November 2017 Industrial Production
Submitted by Atlas Indicators Investment Advisors on December 21st, 2017Industrial production continued growing in November 2017 according to the Federal Reserve. Rising 0.2 percent, this modest uptick followed the upwardly revised tally of 1.2 percent (originally 0.9 percent) in October. Including this third consecutive monthly gain, industrial production has increased 3.4 percent during the past year.
Industry group readings were mixed. Manufacturing, the largest of the three, gained 0.2 percent and is now 2.4 percent higher than a year earlier; virtually all of the monthly uptick was attributed to durable goods which increased 0.4 percent. Mining output jumped 2.0 percent as oil and gas extractions led the category. Despite the good news from these first two segments of industrial output, utilities declined 1.9 percent as falling demand for electricity outweighed the increasing need for natural gas.

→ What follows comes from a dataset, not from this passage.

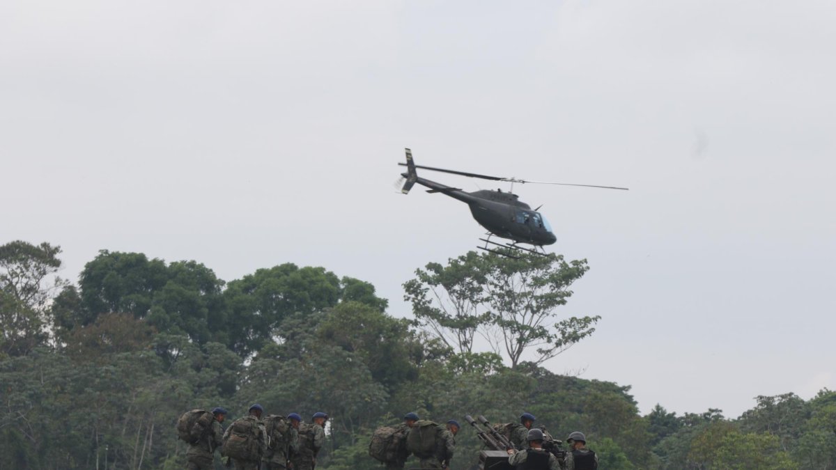 Los ojos de Erik Paredes, de 22 años, cadete de la Fuerza Aérea Ecuatoriana (FAE), brillan al observar cómo helicópteros TH-57, de rescate, hacen un vuelo a treinta metros de altura desde el terreno, para rescatar a los soldados.
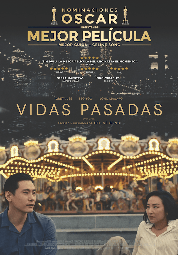 Vidas pasadas dirigida por Celine Song, es una película que explora temáticas como el amor, los reencuentros, el destino y las decisiones que tomamos durante nuestras vidas. La historia gira en torno a la relación entre Nora (Greta Lee) y Hae Sung (Teo Yoo), dos amigos de la infancia que se separan cuando la familia de Nora emigra de Corea del Sur a Canadá. Tiempo después, retomarán el contacto, casi por casualidad, en donde se enfrentarán a sus sentimientos pasados y a las diferentes vidas que han construido.

While capacity utilization improved in November, it remained below its long-run average. America’s industrial base used 77.1 percent of its potential, up from 77.0 percent in October. All three major categories fell short of their individual long-term trends for capacity utilization as well.
Industrial production continued along a familiar path in November; it grew while continuing to fall short of its average capacity utilization rate. In other words, America’s economy appears to have the capability of producing greater volumes of physically made goods, but something is preventing firms from operating a “normal” rates. Fortunately, this should help minimize inflation if firms choose to increase their output in the future. Of course, our economy will need a catalyst to increase utilization. Some argue the new tax laws from Washington D.C. will do just that, but only time will tell.